Huanca’s sinuous, abstract paintings extend the life cycle of her performances by merging the transience of performance art with the permanence of painting. The surfaces of her paintings are built upon images of bodies photographed during these performances, printed onto canvas and overpainted. Camouflaged by oil paint of vibrantly colored hues and tantalizing textural dimension, Huanca’s hallucinatory kaleidoscopes are distinguished by the intermixing of oil pigments with sand and other natural materials. Fascinated by the cyclical processes of birth, decay, and renewal, Huanca explores in her work the transformation and fluidity of the body and earthly cycles.
Huanca earned her B.F.A. in 2004 from the University of Houston, Texas. Upon graduation, she was awarded the prestigious DeGolyer Grant from the Dallas Museum of Art, 2004, followed by a fellowship at the Skowhegan School of Painting and Sculpture in Maine, 2006. She then relocated to Frankfurt, Germany to attend the Städelschule, Hochschule für Bildende Künste. A recipient of a Fulbright Scholarship, 2012 (Mexico City), and an honoree at the Hirshhorn Museum, 2016, Huanca’s groundbreaking practice has been exhibited, performed, and collected internationally. Recent major exhibitions of the artist’s work include Zuzeum, Riga, Latvia, Sean Kelly, New York, Faurschou, New York, Museo de Arte de Zapopan, Mexico, Henry Art Gallery, Seattle, and Nitsch Foundation, Vienna.

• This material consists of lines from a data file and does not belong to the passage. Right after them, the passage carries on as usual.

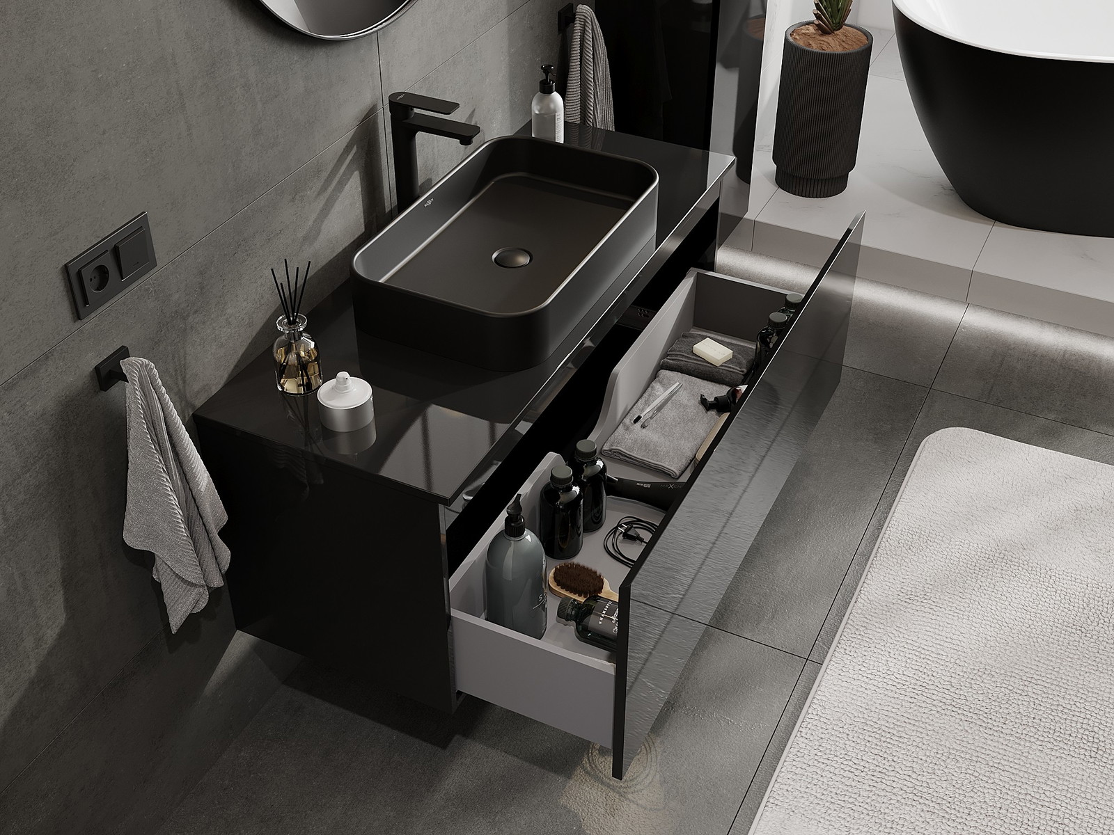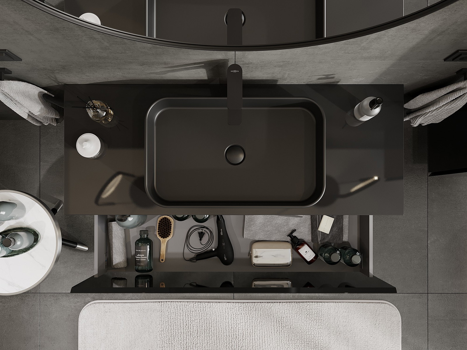Mexen Orio badrumsskåp under tvättställ 120 cm med bänkskiva, 1 låda, svart blank - 91A10-12047-1-BFC70
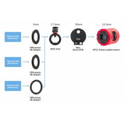 Sa minceur (20 mm d'épaisseur), permet d'éviter tout vignettage sur les télescopes ouverts à F/D=5 ou plus. La distance entre le filtre et le capteur de la caméra ZWO ASI-1600 (par exemple) est de seulement 10 mm.
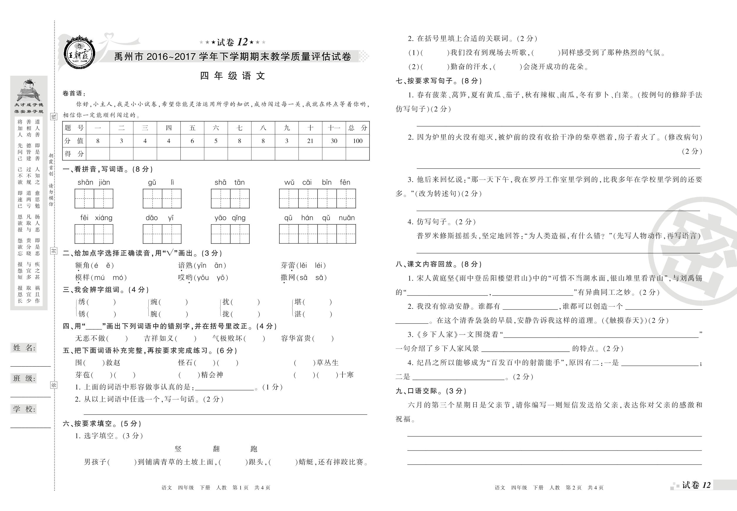 2016-2017学年第二学期禹州市四年级语文试卷(人教版)【12】
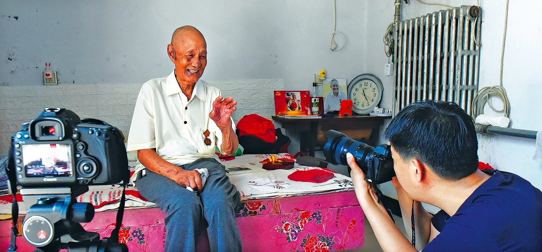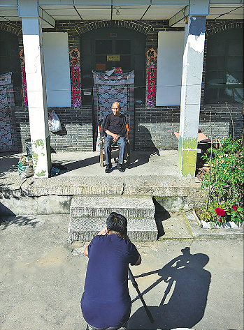 8月25日,在平山县杏树台村抗战老兵李文学家中,李君放为老人拍摄照片。
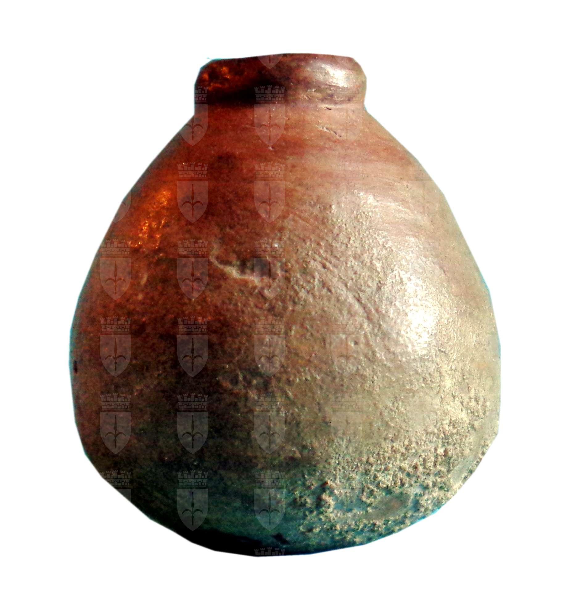 Aryballos a corpo piriforme, senza piede e con piccolo collo verticale; vernice bruna.
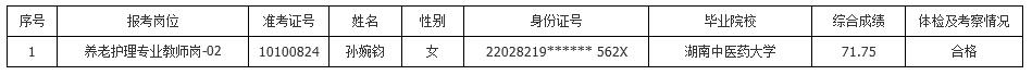 因养老护理专业教师岗-02 拟聘用人员王泽慧个人原因放弃,现根据2020年天津现代职业技术学院公开招聘实施方案进行递补,经过笔试、面试、体检、考察等程序,现对养老护理专业教师岗-02 递补人员进行公示,接受社会监督,名单如下:
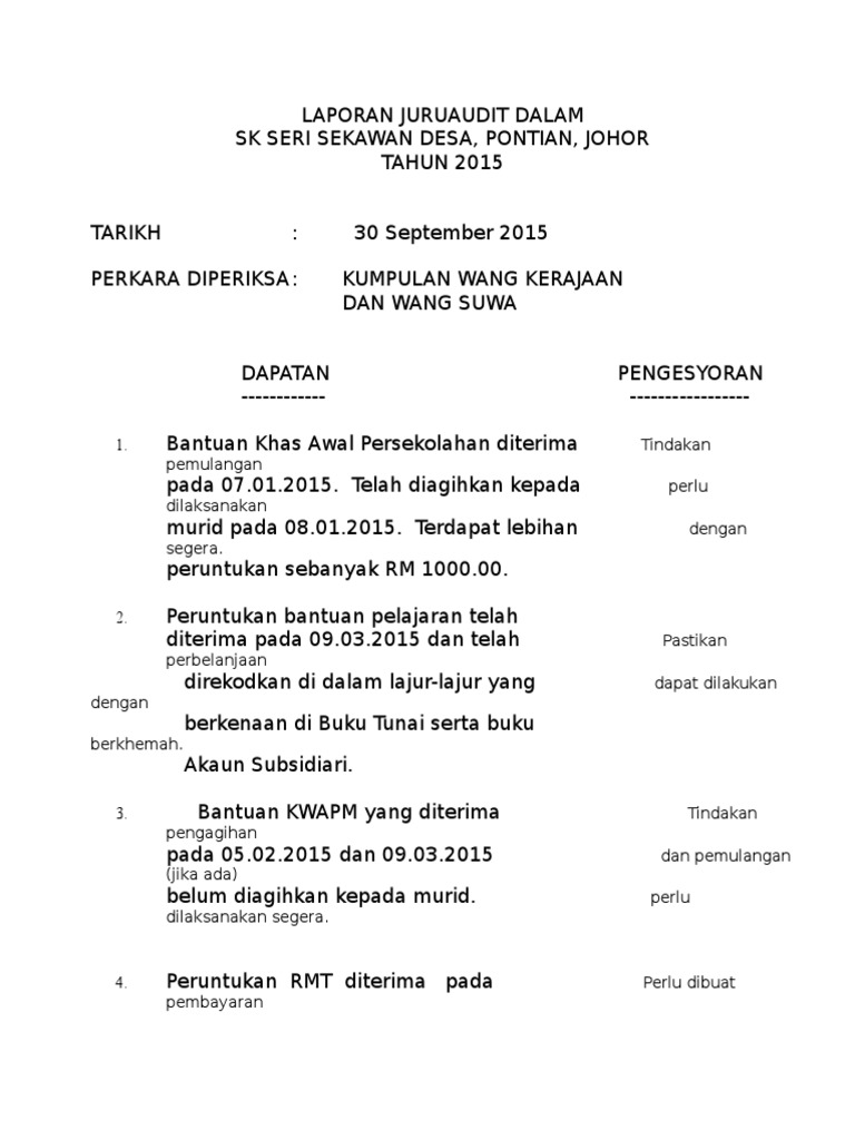 Related Posts To Contoh Laporan Audit Dalaman Kewangan Sekolah Contoh Laporan Audit Dalaman Kewangan Sekolah 2017-07-11T225400-0700 Rating. BAHAGIAN AUDIT SEKOLAH KEMENTERIAN PENDIDIKAN MALAYSIA i Salam Sejahtera Syukur kehadrat Allah SWT di atas limpah rahmat dan izinnya Bahagian Audit Sekolah terus menelusuri tahun 2019 dengan cemerlang. PK 02 Pengurusan Jadual Waktu.
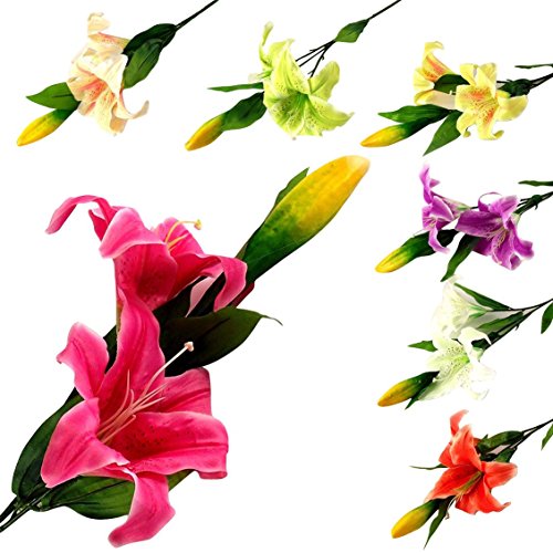 Lilys are the ideal ingredient to any bouquet for any occasion. Our lilies are available in a large range of colours making them even more versatile. Consists of two open heads, one bud and long leaves. Head Width: 15cm, Length: 72cm.

Her work is part of international collections including the Whitney Museum of American Art; Solomon R. Guggenheim Collection, USA, Belvedere Museum, Vienna, Austria; Espacio 1414/Berezdivin Collection, Santurce, Puerto Rico; Marciano Art Foundation, Los Angeles, USA; Reina Sofía Museum, Madrid, Spain; Rubell Family Collection, Miami, USA; Sifant Art museum, Nanjing, China; Yuz Museum, Shanghai, China, among others.